The data:
-------
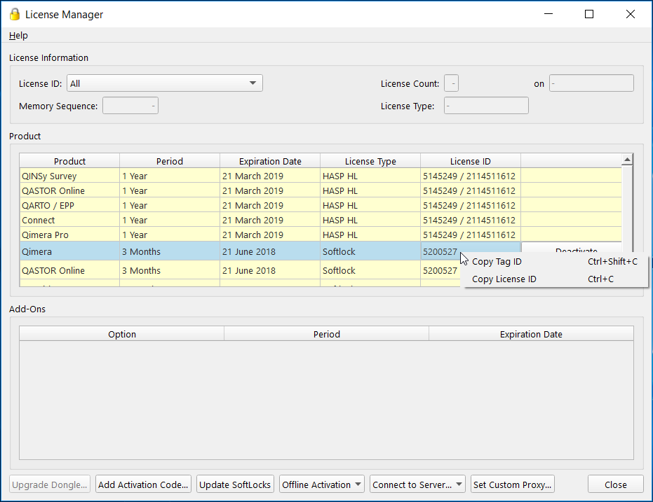 QPS applications currently support Softlock and HASP Dongle licenses that are fully integrated into the License Status Dialog.
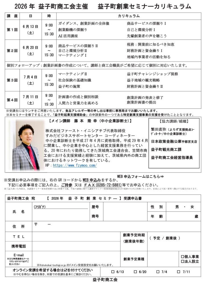 益子町での創業をお考えの皆様、ぜひこのセミナーを受講して、しっかりと準備をし、夢を現実にしてください!
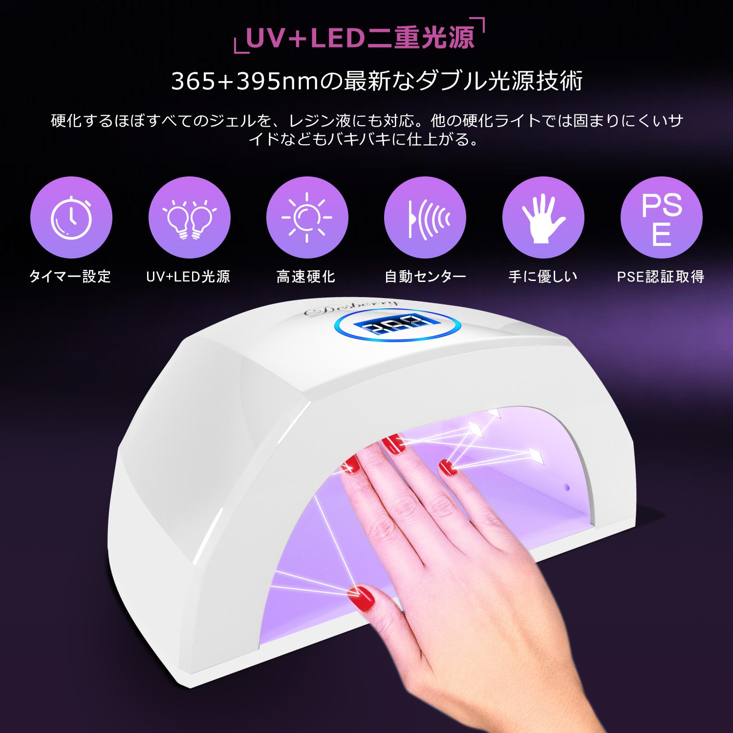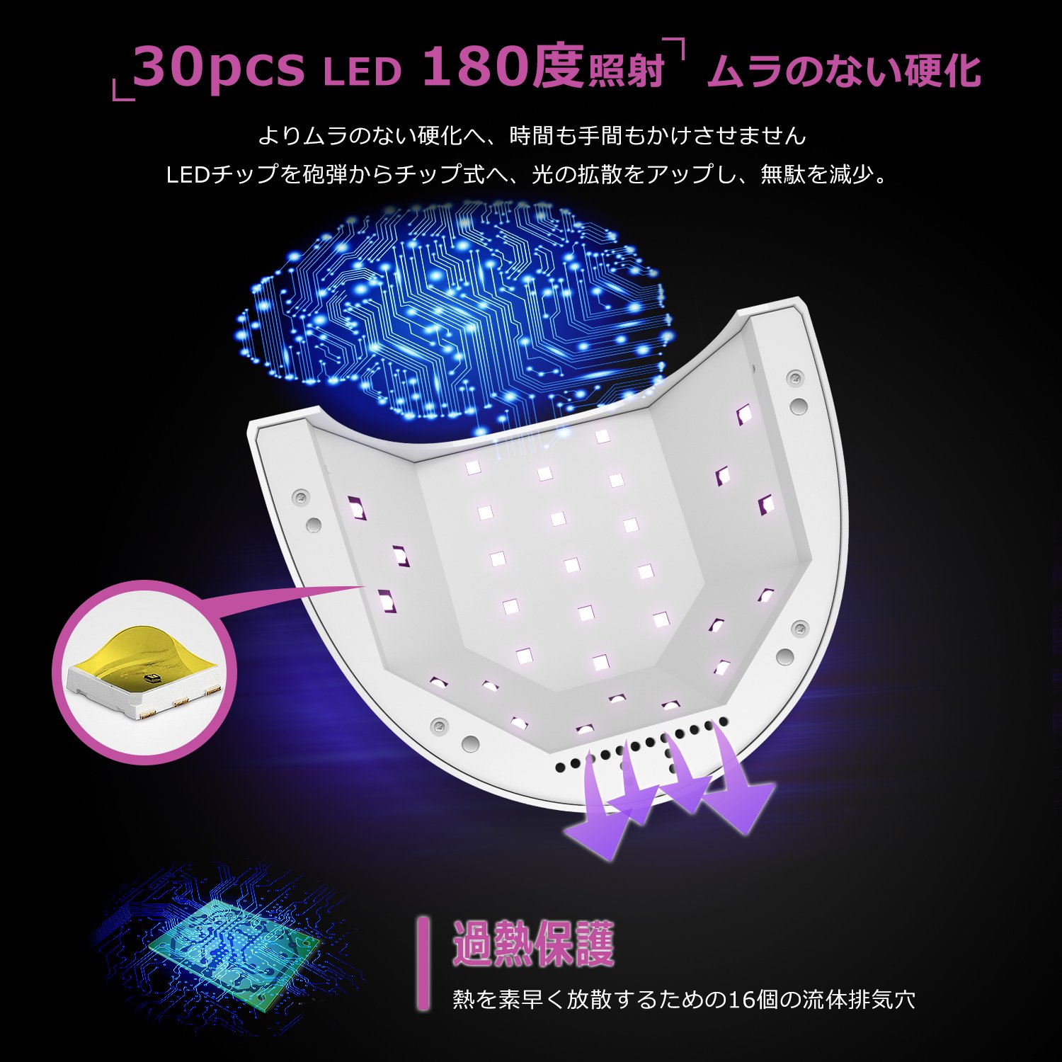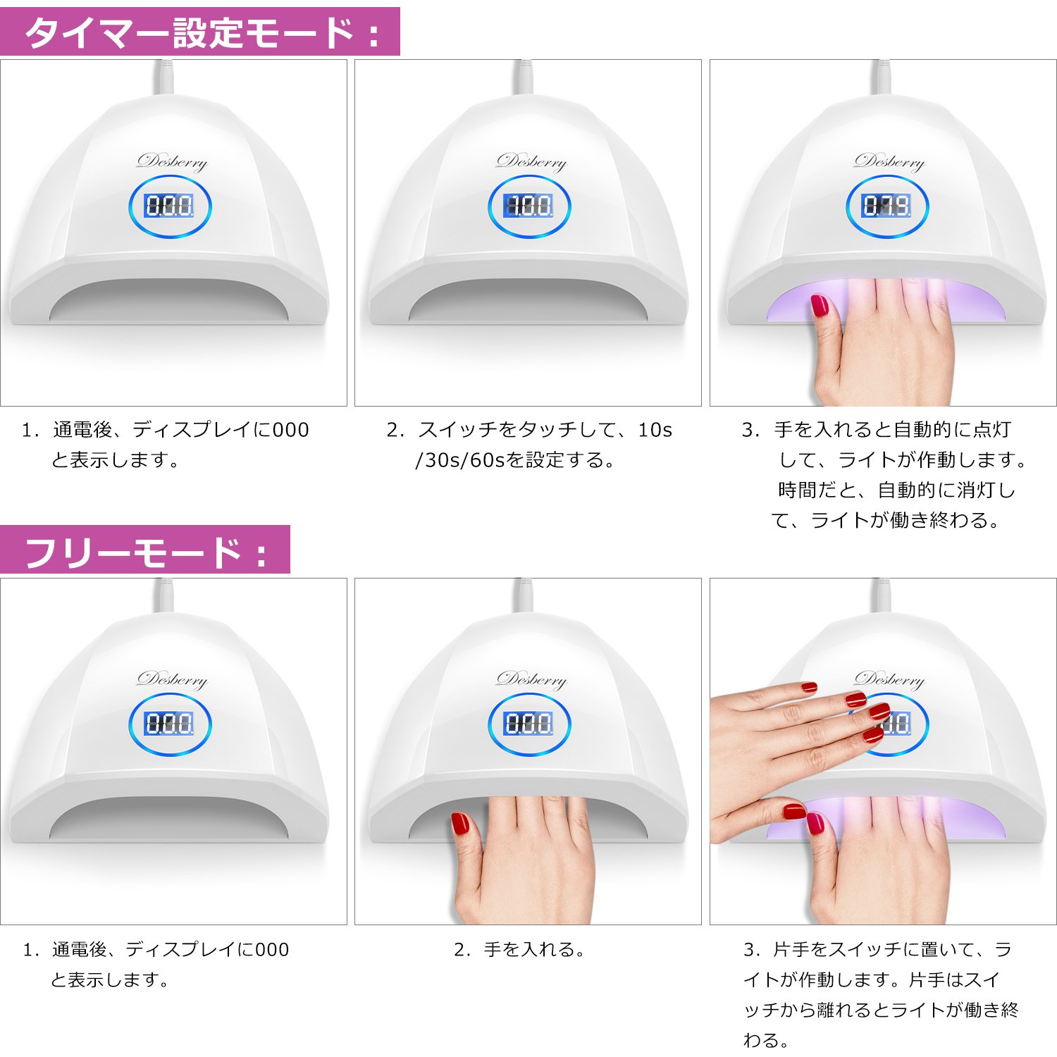 【超高速硬化】最速ダブル光源技術を採用するネイルドライヤーは48Wでハイパワーで、従来の品よりもムラなく素早く硬化できます。ネイルランプの光源の使用寿命も約50000時間に達します。肌に負担の多いCCFLは使用していませんが、人体に優しいLED(30pcs)の光を使用して皮膚の損傷を生じるし、手足に黒くになることは全然ないです。安心してお使いください。
-------
Your objective: Would you reproduce the lines above, from the very first through the line containing "益子町での創業をお考えの皆様", exactly and without the pictures?

Your response:
 QPS applications currently support Softlock and HASP Dongle licenses that are fully integrated into the License Status Dialog.
 益子町での創業をお考えの皆様、ぜひこのセミナーを受講して、しっかりと準備をし、夢を現実にしてください!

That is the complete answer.